Diagonal

394t. Coins in a Line

There are n coins in a line. Two players take turns to take one or two coins from right side until there are no more coins left. The player who take the last coin wins.

Could you please decide the first play will win or lose?

/**
 * Statement: dp[i], when i coins last, if the person now taking the coin could win
 * Func: dp[i] = true if dp[i-1] or dp[i-2] is false
 * Init: dp[0] = false, dp[1] = true;
 * Ans: dp[n]
 * 
 */
public boolean firstWillWin(int n) {
    if(n==0) return false;
    if(n==1) return true;

    boolean[] dp = new boolean[n+1];

    dp[0] = false;
    dp[1] = true;

    for(int i=2; i<=n; i++){
        if(dp[i-1]==false || dp[i-2]==false) dp[i] = true;
    }

    return dp[n];
}

395t Coin In Line II

There are n coins with different value in a line. Two players take turns to take one or two coins from left side until there are no more coins left. The player who take the coins with the most value wins.
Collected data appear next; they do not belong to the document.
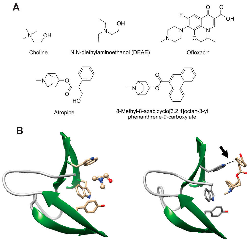 Structure of representative choline analogs that bind to CBPs. (a) Chemical formulae of representative compounds; (b) Comparison of the same choline-binding site in CbpF occupied by choline (left, PDB code: 2V04) or by atropine (right, PDB code: 2X8P); the arrow indicates the additional π-π interaction that provides high stability to CBP-EBA complexes.
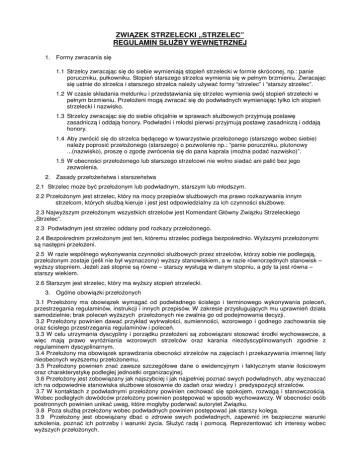 ZWIĄZEK STRZELECKI „STRZELEC” REGULAMIN SŁUŻBY WEWNĘTRZNEJ 1. Formy zwracania się 1.1 Strzelcy zwracając się do siebie wymieniają stopień strzelecki w formie skróconej, np.: panie poruczniku, pułkowniku. Stopień starszego strzelca wymienia się w pełnym brzmieniu. Zwracając się ustnie do strzelca i starszego strzelca należy używać formy “strzelec” i “starszy strzelec”. 1.2 W czasie składania meldunku i przedstawiania się strzelec wymienia swój stopień strzelecki w pełnym brzmieniu. Przełożeni mogą zwracać się do podwładnych wymieniając tylko ich stopień strzelecki i nazwisko. 1.3 Strzelcy zwracając się do siebie oficjalnie w sprawach służbowych przyjmują postawę zasadniczą i oddają honory. Podwładni i młodsi pierwsi przyjmują postawę zasadniczą i oddają honory. 1.4 Aby zwrócić się do strzelca będącego w towarzystwie przełożonego (starszego wobec siebie) należy poprosić przełożonego (starszego) o pozwolenie np.: “panie poruczniku, plutonowy ...(nazwisko), proszę o zgodę zwrócenia się do pana kaprala (można podać nazwisko)”. 1.5 W obecności przełożonego lub starszego strzelcowi nie wolno siadać ani palić bez jego zezwolenia. 2. Zasady przełożeństwa i starszeństwa 2.1 Strzelec może być przełożonym lub podwładnym, starszym lub młodszym. 2.2 Przełożonym jest strzelec, który na mocy przepisów służbowych ma prawo rozkazywania innym strzelcom, których służbą kieruje i jest jest odpowiedzialny za ich czynności służbowe. 2.3 Najwyższym przełożonym wszystkich strzelców jest Komendant Główny Związku Strzeleckiego „Strzelec”. 2.3 Podwładnym jest strzelec oddany pod rozkazy przełożonego. 2.4 Bezpośrednim przełożonym jest ten, któremu strzelec podlega bezpośrednio. Wyższymi przełożonymi są następni przełożeni. 2.5 W razie wspólnego wykonywania czynności służbowych przez strzelców, którzy sobie nie podlegają, przełożonym zostaje (jeśli nie był wyznaczony) wyższy stanowiskiem, a w razie równorzędnych stanowisk – wyższy stopniem. Jeżeli zaś stopnie są równe – starszy wysługą w danym stopniu, a gdy ta jest równa – starszy wiekiem. 2.6 Starszym jest strzelec, który ma wyższy stopień strzelecki. 3. Ogólne obowiązki przełożonych 3.1 Przełożony ma obowiązek wymagać od podwładnego ścisłego i terminowego wykonywania poleceń, przestrzegania regulaminów, instrukcji i innych przepisów. W zakresie przysługujących mu uprawnień działa samodzielnie; brak poleceń wyższych przełożonych nie zwalnia go od podejmowania decyzji. 3.2 Przełożony powinien dawać przykład wytrwałości, sumienności, wzorowego i godnego zachowania się oraz ścisłego przestrzegania regulaminów i poleceń. 3.3 W celu utrzymania dyscypliny i porządku przełożeni są zobowiązani stosować środki wychowawcze, a więc mają prawo wyróżniania wzorowych strzelców oraz karania niezdyscyplinowanych zgodnie z regulaminem dyscyplinarnym. 3.4 Przełożony ma obowiązek sprawdzania obecności strzelców na zajęciach i przekazywania imiennej listy nieobecnych wyższemu przełożonemu. 3.5 Przełożony powinien znać zawsze szczegółowe dane o ewidencyjnym i faktycznym stanie ilościowym oraz charakterystykę podległej jednostki organizacyjnej. 3.6 Przełożony jest zobowiązany jak najszybciej i jak najpełniej poznać swych podwładnych, aby wyznaczać ich na odpowiednie stanowiska służbowe stosownie do zadań oraz wiedzy i predyspozycji strzelców. 3.7 W kontaktach z podwładnymi przełożony powinien cechować się spokojem, rozwagą i stanowczością. Wobec podległych dowódców przełożony powinien postępować w sposób wychowawczy. W obecności osób postronnych powinien unikać uwag, które mogłyby poderwać autorytet Związku. 3.8 Poza służbą przełożony wobec podwładnych powinien postępować jak starszy kolega. 3.9 Przełożony jest obowiązany dbać o zdrowie swych podwładnych, zapewnić im bezpieczne warunki szkolenia, poznać ich potrzeby i warunki życia. Służyć radą i pomocą. Reprezentować ich interesy wobec wyższych przełożonych. 3.10 Każdy przełożony jest osobiście odpowiedzialny za sprawne kierowanie podwładnymi. W chwili mianowania ma obowiązek przygotowywać następcę. 3.11 Przełożony, który czasowo nie pełni swych obowiązków z powodu urlopu, choroby lub innych przyczyn, powinien rozkazem wyznaczyć pełniącego obowiązki i podać to do wiadomości wyższych przełożonych. 3.12 Przełożony ma obowiązek prowadzić odpowiednią dokumentację adekwatną do zajmowanego stanowiska 3.13 Przełożony ma obowiązek wystawić na wniosek podwładnego lub polecenie wyższego przełożonego opinię dotyczącą podwładnego 4. Wydawanie rozkazów (poleceń) 4.1 Rozkazy wydaje zazwyczaj bezpośredni przełożony swoim podwładnym. Rozkazy może także wydawać podwładnemu wyższy przełożony, który jest zobowiązany powiadomić o tym jego bezpośredniego przełożonego. 4.2 Starszy nie wydaje z zasady rozkazów młodszym jeśli nie są jego podwładnymi. Jest on jednak zobowiązany do wydawania rozkazów w razie: a) naruszenia przez młodszych postanowień regulaminów b) oczywistego zaniedbywania obowiązków c) niewłaściwego zachowania się lub zakłócania porządku publicznego d) zaistnienia potrzeby jednego kierownictwa w czasie służbowego spotkania się oddziałów (pododdziałów) nie będących w żadnym stosunku służbowym wobec siebie e) niebezpieczeństwa grożącego oddziałowi (pododdziałowi) lub strzelcowi podczas nieobecności przełożonego 4.3 Wydający rozkazy bierze na siebie za nie odpowiedzialność. 4.4 Wydający rozkaz jest zobowiązany uwzględnić stopień przygotowania podwładnego oraz warunki i okoliczności wykonania rozkazu 5. Wykonywanie rozkazów (poleceń) 5.1 Strzelec po otrzymaniu rozkazu odpowiada “rozkaz” i wykonuje go. Przełożony może zapytać, czy rozkaz jest zrozum
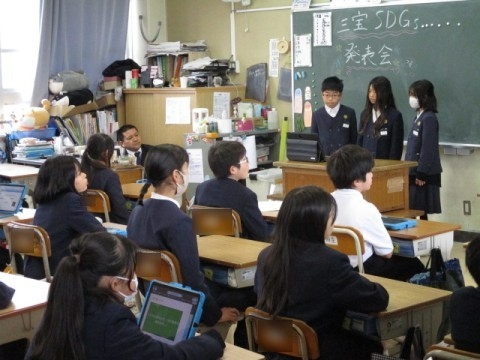 総合で学習している「SDG's」について,グループでまとめたことを発表しました。
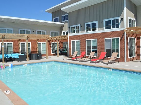 Large Outdoor Heated Pool for the Summer Fun! We have a pet friendly community with a sweet little bark park and state of the art dog wash. Located on the extensive walking paths of the Bismarck Parks and Rec. Our Apartments have single or double stall garages with remote openers, control entry, granite countertops and washers and dryers of your very own. With a dishwasher and island kitchens and extra light it is a chef's dream kitchen.
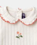 For toddlers sensitive to comfort, ideal for everyday wear. Ribbed cotton and snap-button openings make dressing easy. Small flowers add tenderness and softness.
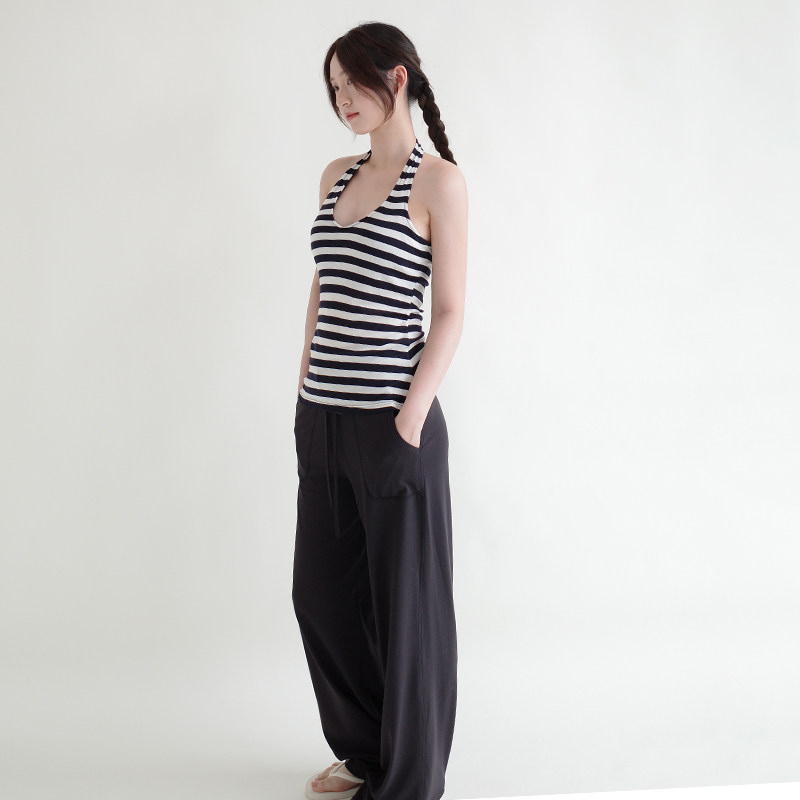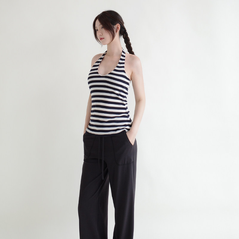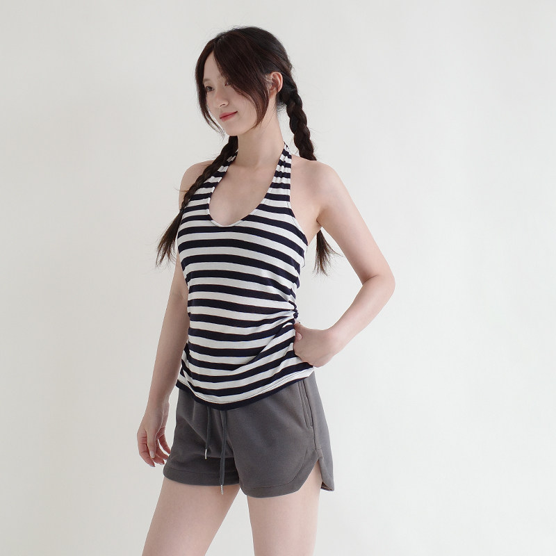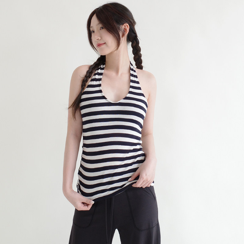 瑜伽背心女2025夏季带胸垫条纹宽松挂脖健身上衣U领露背运动文胸
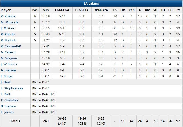 Jackson a terminé à 20 points à 6/19, 5 rebonds et 5 passes, Langston Galloway 23 (8/10), Andre Drummond 19 points à 8/15, 23 rebonds et 2 contres et Blake Griffin 15 points à 3/12 et 9 rebonds. Chez les Lakers, un joueur atteint les 20 points : JaVale McGee (10/16, 13 rebonds, 3 contres). Los Angeles a terminé à 6/25 à 3-points, contre 17/39 pour ses adversaires.
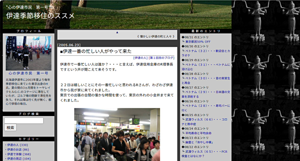 北海道伊達市に2003年夏より毎年季節移住に来ていた東京出身のH氏。夏の間の3ヵ月間をトーヤレイクヒルG.C.のコテージに滞在していたが、ゴルフ場の閉鎖で滞在先を失う。それ以降は行く先が無く、都心で徘徊の毎日。
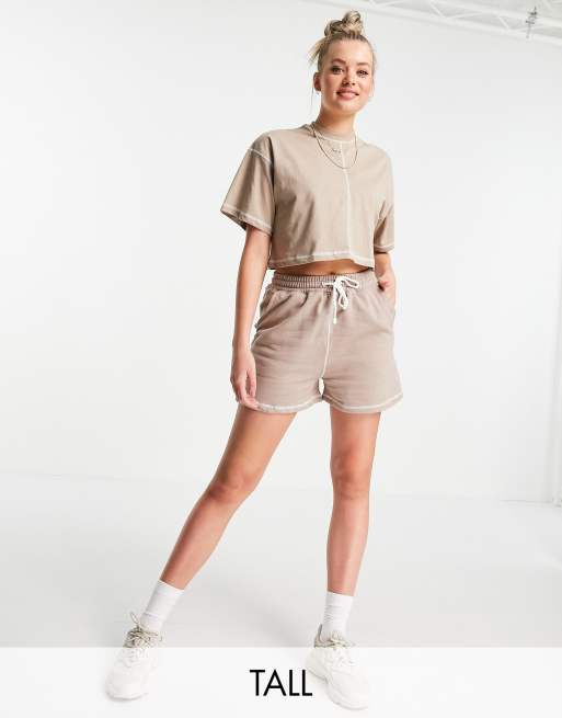 Missguided Tall co-ord runner short with contrast stitch in brown
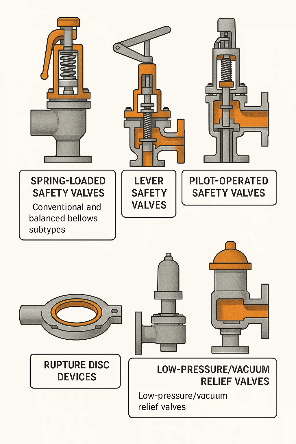 This is the most common and basic type, using the force of a spring to counteract the internal pressure of the system.
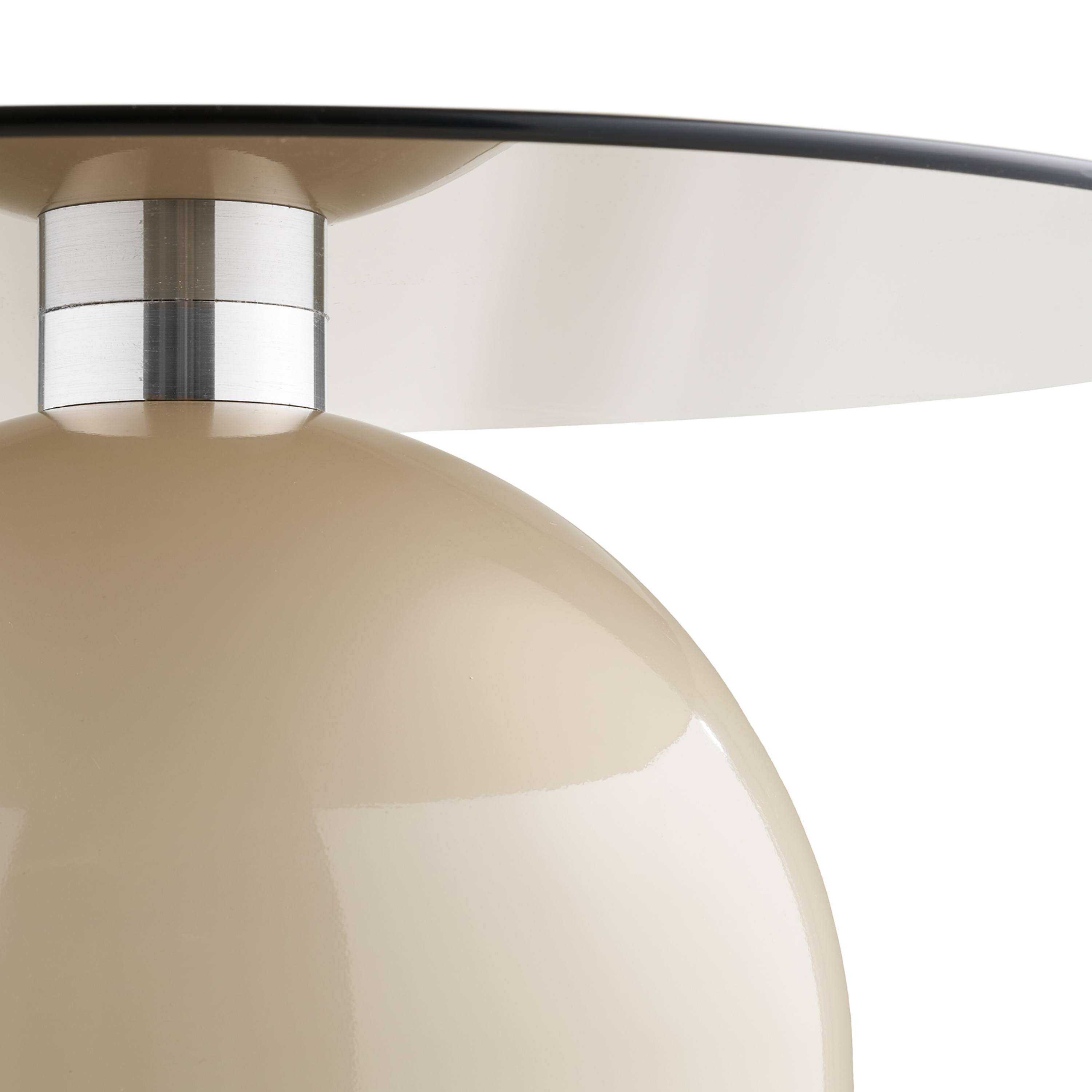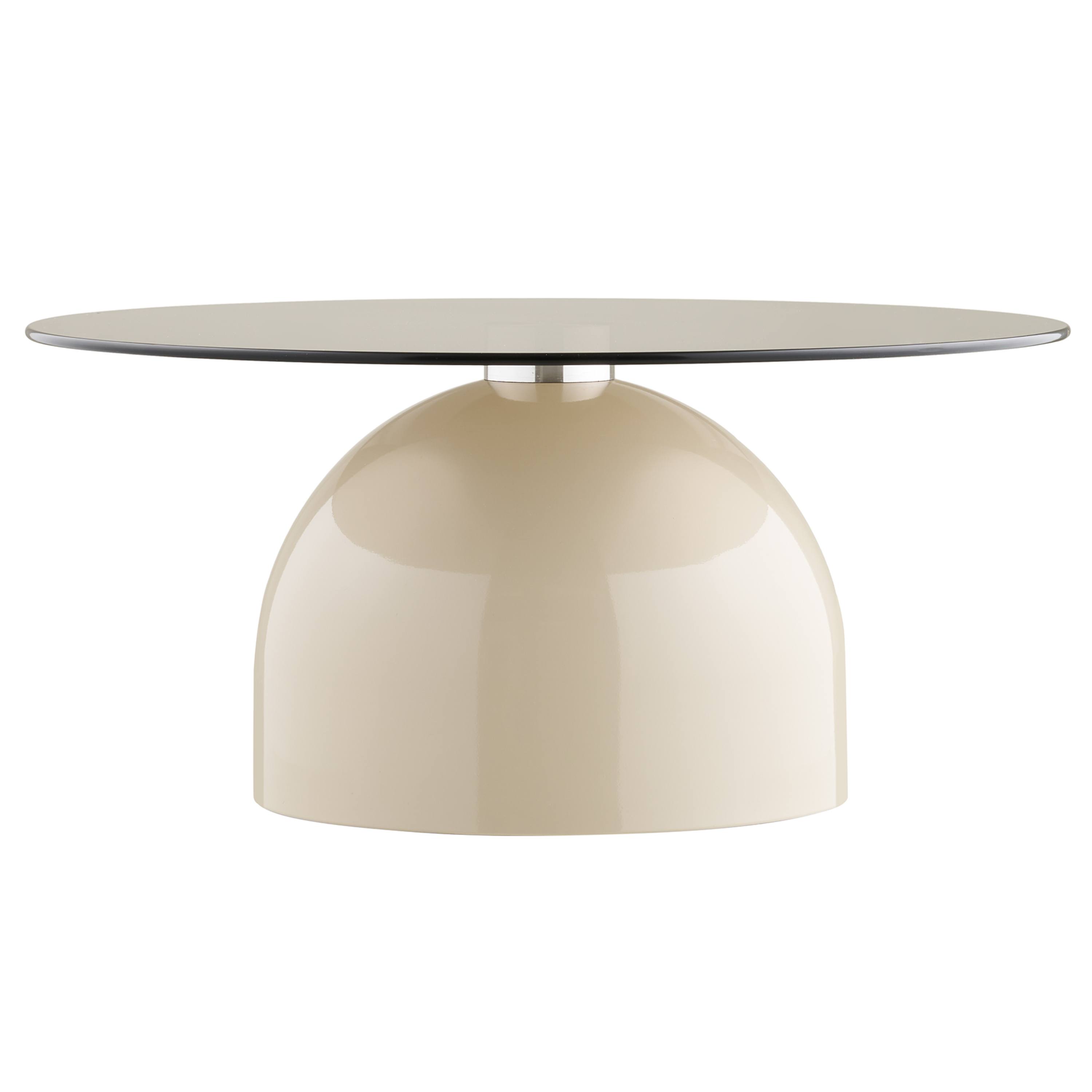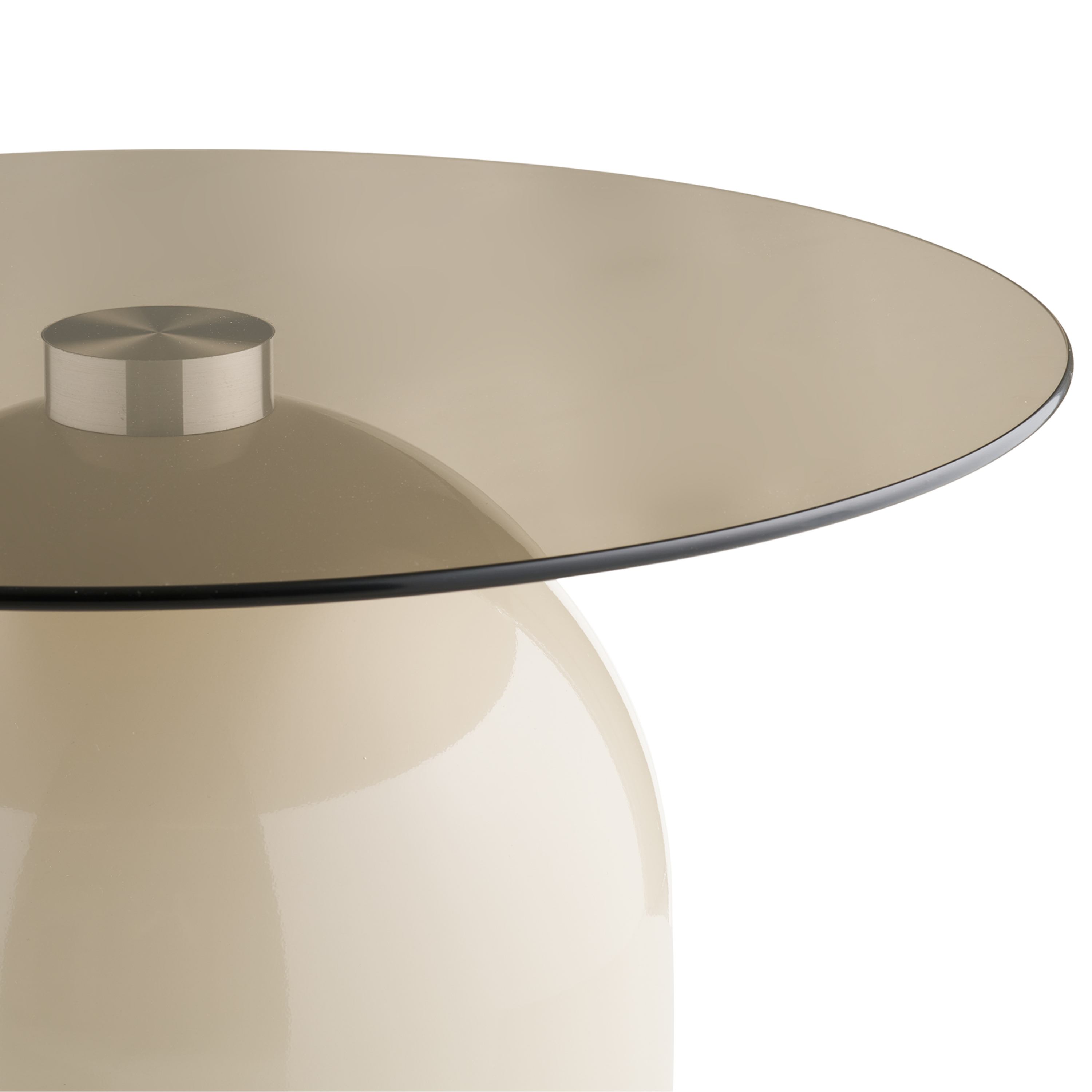 Kombinácia okrúhlej dosky a plného podstavca v jemnom béžovom odtieni pôsobí elegantným a harmonickým dojmom, zatiaľ čo dymové sklo dodáva celku ľahkosť a vizuálny kontrast. Veľkorysá kruhová plocha ponúka dostatok miesta na servírovanie kávy, dekorácie aj obľúbené knihy. Stabilná centrálna podnož zabezpečuje pevnú oporu a vyvážený vzhľad, vďaka čomu stolík pôsobí kompaktne a zároveň veľmi sofistikovane. Stolík je vyrobený z temperovaného skla a kovu, čo mu dodáva odolnosť, moderný charakter a umožňuje jednoduchú údržbu.

Could you please decide the first player will win or lose?

/**
  * Statement: dp[i], when i coins last, the money the person now taking the coin more than opponent
  * Func: dp[i] = max(sum[i]-dp[i-1], sum[i]-dp[i-2]);
  * Init: postSum, 剩i張時sum[i]
  * Ans: dp[n] > sum/2
  */

public boolean firstWillWin(int[] values) {
    int n = values.length;
    int[] sum = new int[n+1];
    int[] dp = new int[n+1];
    for(int i=1; i<=n; i++){
        sum[i] = sum[i-1]+values[n-i];
    }

    dp[1] = values[n-1];

    for(int i=2; i<=n; i++){
        dp[i] = Math.max(sum[i]-dp[i-1], sum[i]-dp[i-2]);
    }

    return dp[n] > sum[n]/2;
}

486. Predict the Winner(由下往上更新)

An array of numbers, 2 players take pile from each side by turns. Return if player 1 can win

  • State: dp[i][j] = pick from nums[i] to nums[j], the number you has more than competitor

  • Func: dp[i][j] = max(nums[i] - dp[i+1][j], nums[j] - dp[i][j-1])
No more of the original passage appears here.